• Happy birthday Tedd Arnold (Hi! Fly Guy), Mary Anderson (The Rise and Fall of a Teenage Wacko).
  • It’s the birth date of Joy Adamson (1910–1980), Born Free, and Helen Hoover (1910–1984) A Place in the Woods.
  • In 1885, L.A. Thompson patents the roller coaster. Read Roller Coaster by Marla Frazee.
  • The first official basketball game is played in 1892 at the YMCA in Springfield, Massachusetts. Read Basketball (Or Something Like It) by Nora Raleigh Baskin.
  • It’s Inauguration Day. On this day in 2009, Barack Obama was inaugurated as the 44th President of the United States. Read Barack Obama: Son of Promise, Child of Hope by Nikki Grimes, illustrated by Bryan Collier.

Today marks Penguin Awareness Day.  Who doesn’t love penguins? They look so wonderful in their tuxedos, so well turned out and charming. But, then, I must admit that I have never lived with any. If I did, possibly I’d feel differently—I’d be more circumspect about them, like the family in our book of the day, 365 Penguins by Jean-Luc Fromental and Joëlle Jolivet.
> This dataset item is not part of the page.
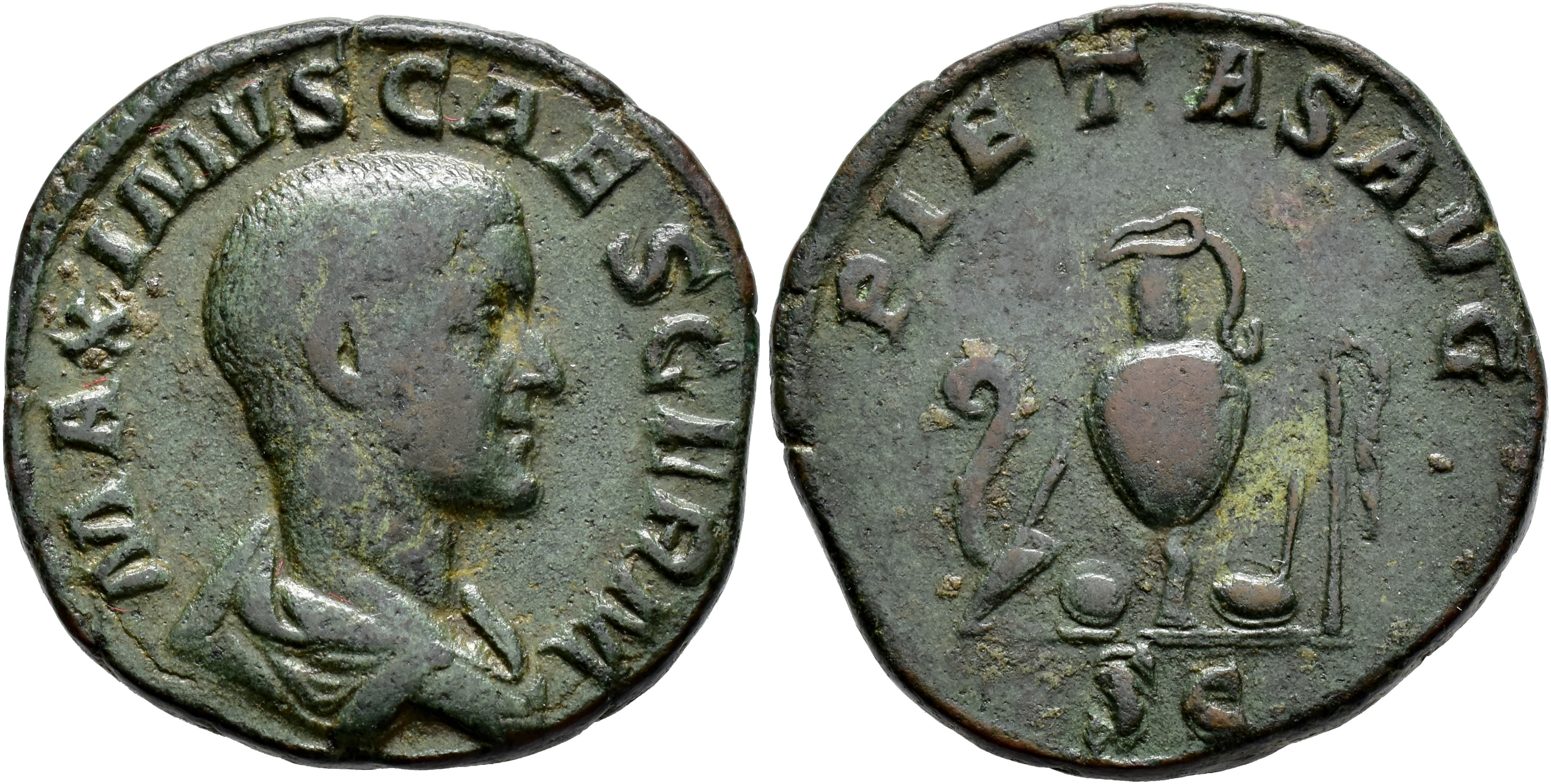 IMPERIO ROMANO. MÁXIMO (235-238). Sestercio. Roma (238). A/ Cabeza drapeada a der.; MAXIMVS CAES GERM. R/ Instrumentos sacerdotales; PIETAS AVG, S C. AE 17,77 g. 29,6 mm. RIC-11. Pátina verde. MBC-.

In this oversize book—with a 1950s retro style and a palette of black, orange, and blue—a young boy narrates a strange saga. On New Year’s Day the doorbell rings, “Ding dong!” and a package arrives. It contains a penguin, with the note: “I’m number 1. Feed me when I’m hungry.” The young narrator’s father, mother, and sister, Amy, try to determine who sent the package, and then the next day, “Ding dong!” another penguin arrives. A resilient group, the family sets out to master the situation—naming the penguins and feeding them. By the end of January, 31 penguins live in their home. Rather well behaved, the birds watch television as an orderly group—except for a couple who help themselves to food. By the end of February (31 + 28 penguins), the family needs to figure out how to organize them. So father and Amy start stacking penguins. By the time they have three-digit penguins, they admit the problems have escalated—cost of feeding per day, cleaning the penguins, and housing them. To solve the issue of living space, the family builds file cabinets and keeps their charges in order by number. When a blue-footed penguin, Chilly, appears, the drawings provide young readers with all kinds of opportunities to locate him in masses of penguins. Although the whole idea, of course, is preposterous, the family never flinches. They just keep doing the math, making decisions, and trying to keep massive numbers of penguins in order, as “Ding, dong!” each day the doorbell rings.

Finally, the mystery of the penguins is solved; Uncle Victor, the ecologist, arrives. He’s sent them from the South Pole, where their habitat is being threatened, and he will now take them all to the North Pole to start a colony (the science in the book is not quite as good as the math). So he leaves Chilly, and a relieved family. That is until the next day, “Ding dong!” when polar bear number one arrives.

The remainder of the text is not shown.